Cultural institute chief hopes to introduce Italy to Japan



Giorgio Amitrano, 55, the new director of the Italian Cultural Institute in Tokyo, is an eminent Italian scholar of Japanese literature who has translated a number of popular Japanese works, including Banana Yoshimoto’s “Kitchen.”

” ‘Kitchen’ became a best-selling book in Italy, selling around 300,000 copies,” said Amitrano, who inspired a boom in Yoshimoto’s works in his country with his translation in the early 1990s.

His other translations include Haruki Murakami’s best-sellers “Norwegian Wood” and “1Q84,” as well as Kenji Miyazawa’s “Night of the Milky Way Railway,” which won Japan’s Noma Award for the Translation of Japanese Literature in 2001.

“Since I believe I understand somewhat how Japanese people feel, I’m hoping that I can introduce Italian culture that can be easily accepted by them,” said Amitrano, who became the institute’s director in January.

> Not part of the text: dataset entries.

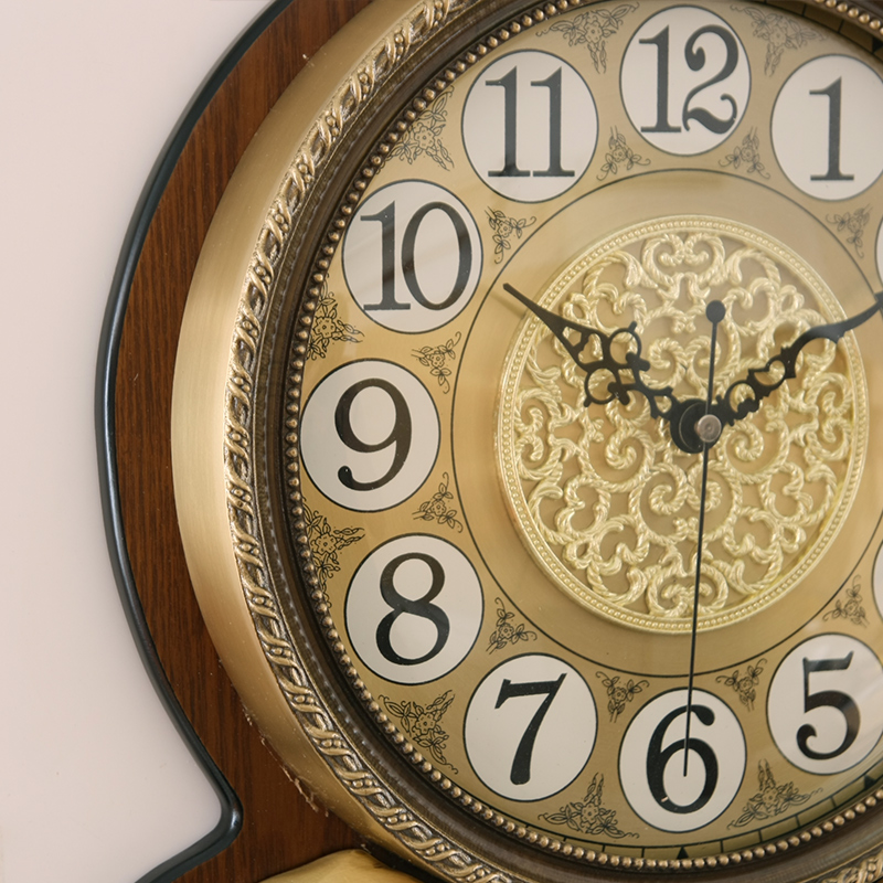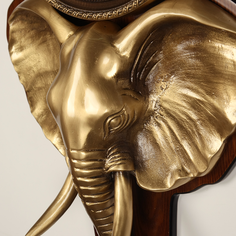 TQJ European style pure copper wall-mounted bell living room wood decoration hanging table creative auspicious elephant muted quartz clock
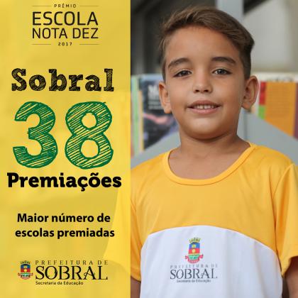 Destaque nacional em educação, Sobral continua acumulando bons resultados nas avaliações estaduais. As escolas municipais de Sobral conquistaram 38 premiações no Prêmio Escola Nota 10, do Programa de Aprendizagem na Idade Certa (MAIS PAIC), o maior número da história do município e do Estado do Ceará. A cerimônia de entrega do prêmio acontecerá nesta quinta-feira (17/05), às 08 horas, no Centro de Eventos do Ceará, em Fortaleza.
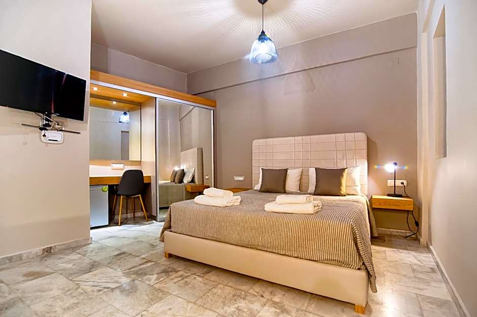 At Minoos Hotel, the available room types are Triple, Suite, and Single. Smoking is not allowed in any of the rooms. The Triple Room with Balcony and the Superior Triple Room with Spa Bath both accommodate 3 adults and have a combination of Twin and Queen size beds. The Superior Suite with Terrace and Sea View, Deluxe Suite Ground Floor with Spa Bath, and Junior Suite with Terrace and Sea View accommodate 2 adults and have either Queen or Double size beds.
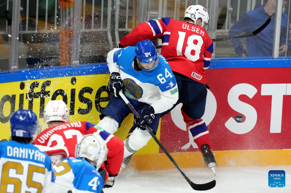 Norway's forward Thomas Olsen (1st R) vies with Kazakhstan's forward Arkadi Shestakov (2nd R) during the Group B match between Norway and Kazakhstan at the 2023 IIHF Ice Hockey World Championship in Riga, Latvia, May 13, 2023. (Photo by Edijs Palens/Xinhua)

Noting the institute has organized operas and other events related to classical Italian culture, he said, “I’d like to introduce a little more modern parts of our culture.”

Amitrano, who served as a judge for the Viareggio Prize — one of Italy’s most prestigious literary awards — for 11 years until 2011, is planning to hold a major event in October related to Antonio Tabucci, an Italian author who died last year but is considered a possible nominee for the Nobel Prize in literature.

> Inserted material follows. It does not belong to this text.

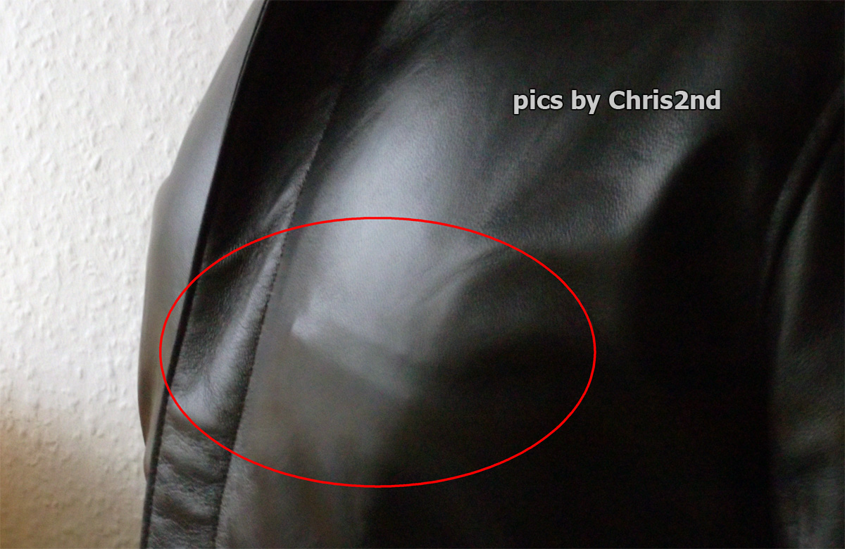 The leather of the jacket from my last order is pretty thin. Much thinner than the leather of my jacket, I ordered in September 2011. When I take a deep breath, I can see from the outside, what I carry in my inside pocket! I honestly don’t know what to say. I have no words for my disappointment. It does not work, that you increase your prices to keep your quality. But then, despite higher prices you go down with the quality. There’s only one of the two. Finally, the leather itself causes, that the jacket doesn’t look like hand-made or high quality. The jacket looks as if it were made by synthetic leather. And I paid £215 for it.

A former professor at Naples Eastern University, Amitrano is also known for his friendship with popular essayist and scholar of Italian literature Atsuko Suga (1929-1998).

“I wasn’t a proper student of hers, but I went to listen to her classes both in Italy and Japan,” he said, adding he was very excited when he found her name in a date slip of borrowers at the institute’s library.

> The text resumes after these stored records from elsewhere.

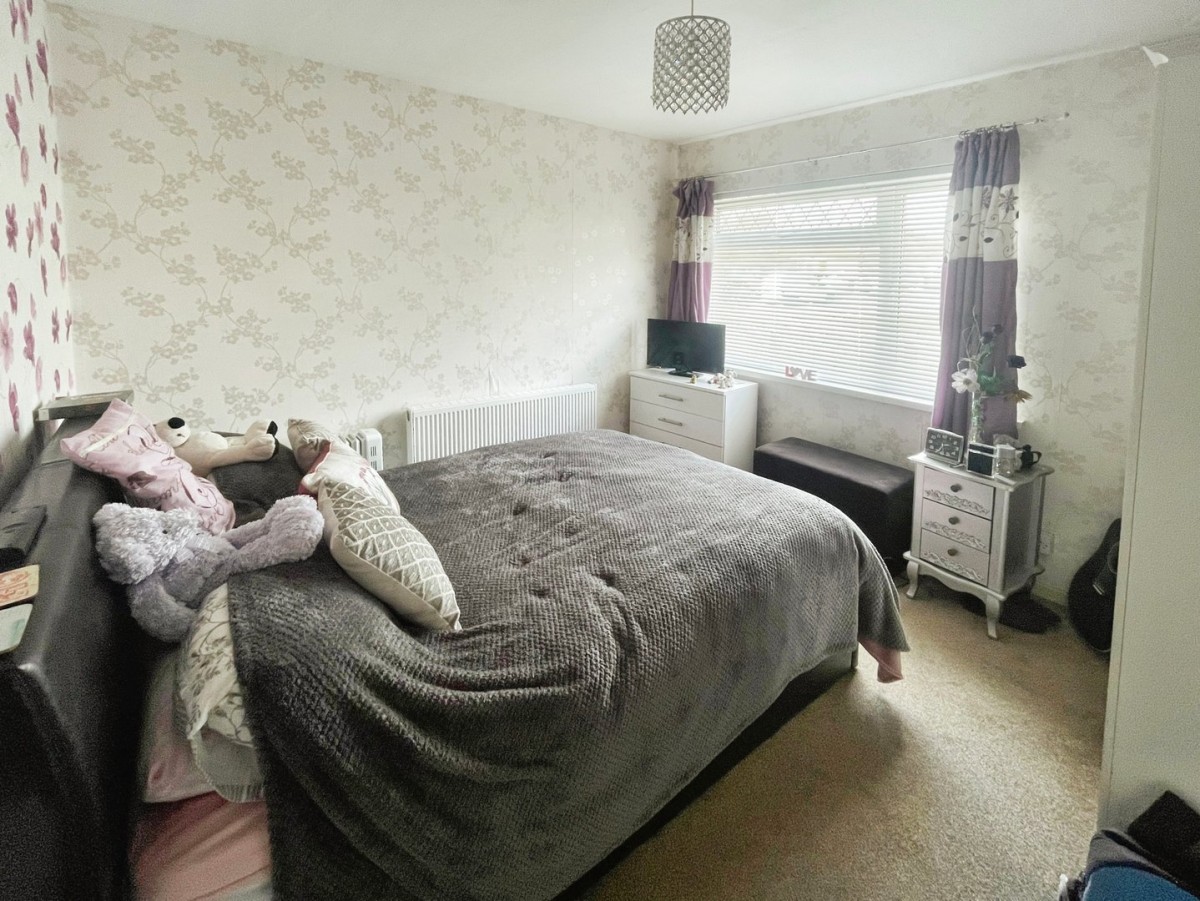 3.9m x 4.3m (12' 10" x 14' 1") Papered ceiling and walls, PVCu window overlooking the front with blinds, wardrobes, radiator and fitted carpet.
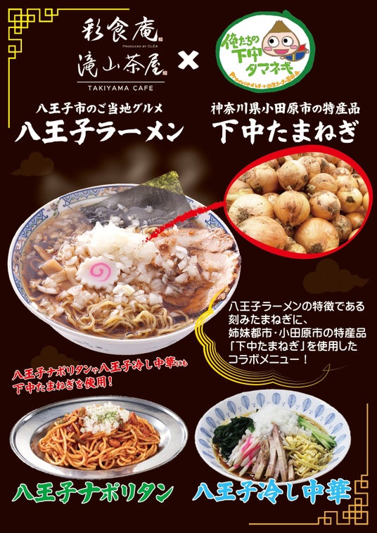 「下中たまねぎ」を通じた交流型農業に取り組む「JAかながわ西湘小田原オーナー園部会」では、これまで八王子市との「下中たまねぎ」を通じた姉妹都市間交流を行っています。この度、都内唯一の道の駅「道の駅八王子滝山」で、刻みたまねぎが特徴である八王子市のご当地グルメ「八王子ラーメン」や「八王子ナポリタン」などに「下中たまねぎ」を使用したコラボメニューを期間限定で提供する他、「下中たまねぎ」をはじめとする小田原市の特産品を通じた交流イベントを開催します。
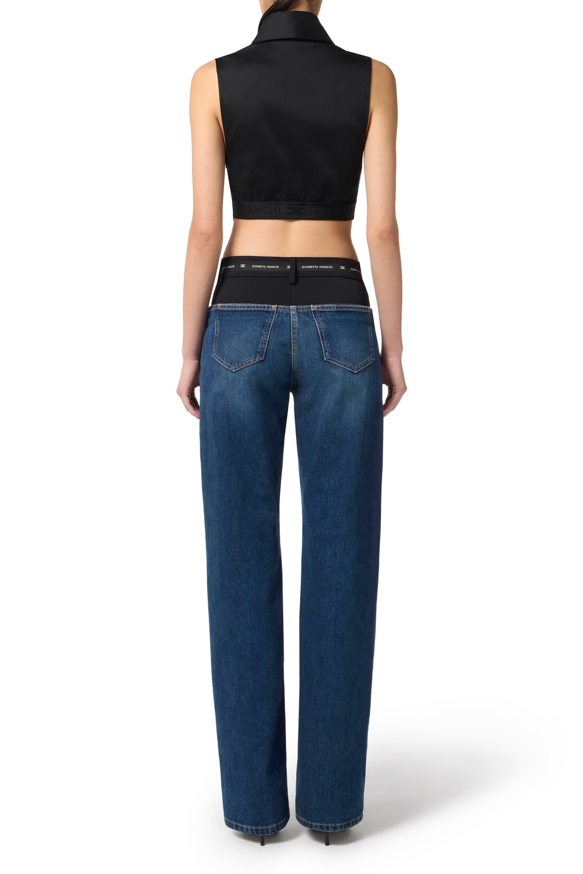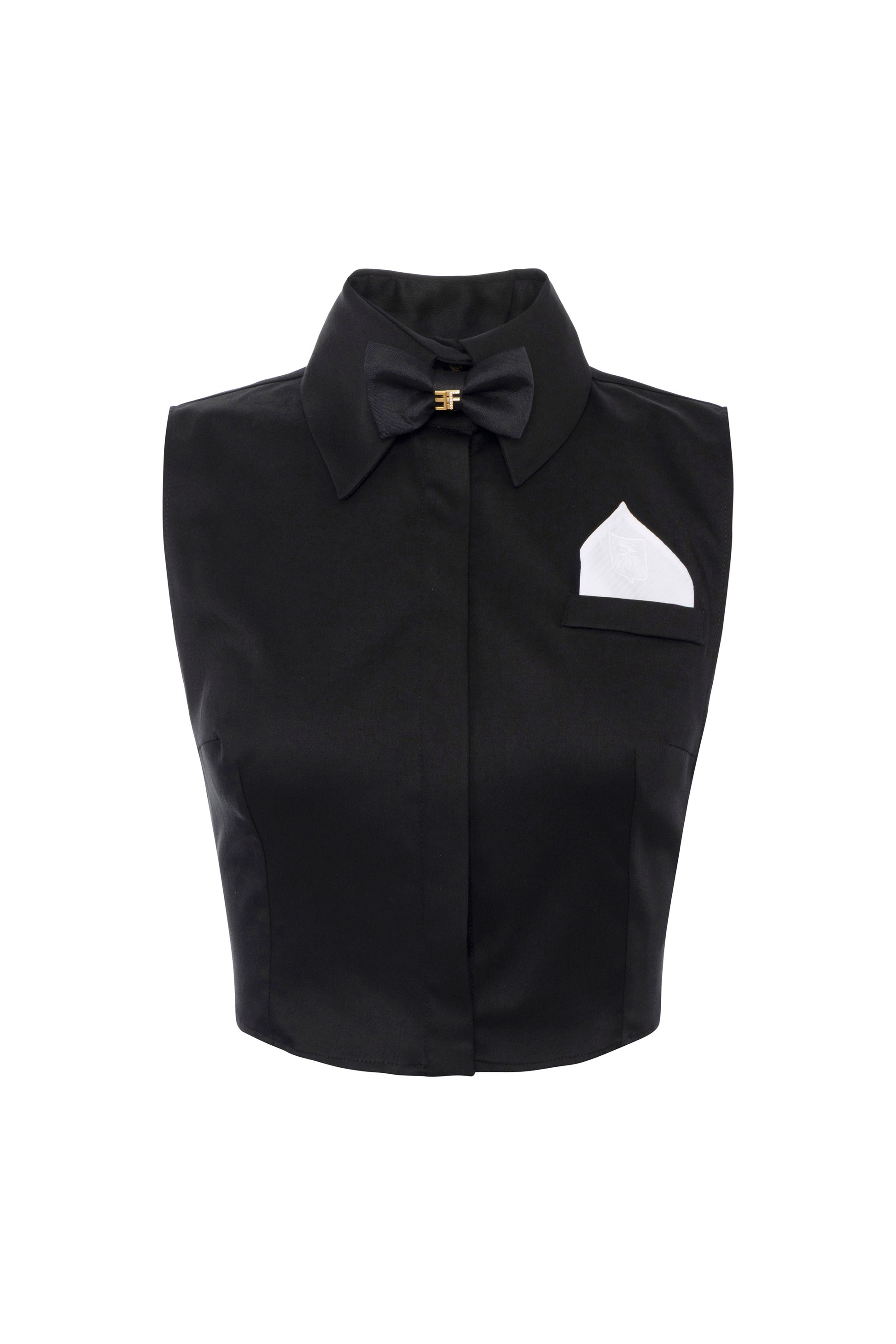 Sleeveless cotton satin shirt with regular fit. With a classic collar, it is characterised by a bow tie with jewel detail, made of satin and removable for many styling options. The cropped cut with elastic at the back gives a dynamic line. Breast pocket with embroidered pocket square.

What currently troubles Amitrano is that his new post has left him too busy to visit Tokyo’s Jimbocho area, his favorite district and a famed home to secondhand bookstores, despite it being within walking distance of the institute.

“I’ve been there just once to buy a complete collection of Yasunari Kawabata,” he said.

  • Nicola Feltrin

    I think you ment “Antonio Tabucchi” not “Tabucci”. Anyway I’m curious about the choice since he was an italian author whose best works are about Portougal ;) I hope japanese readers will enjoy it anyway!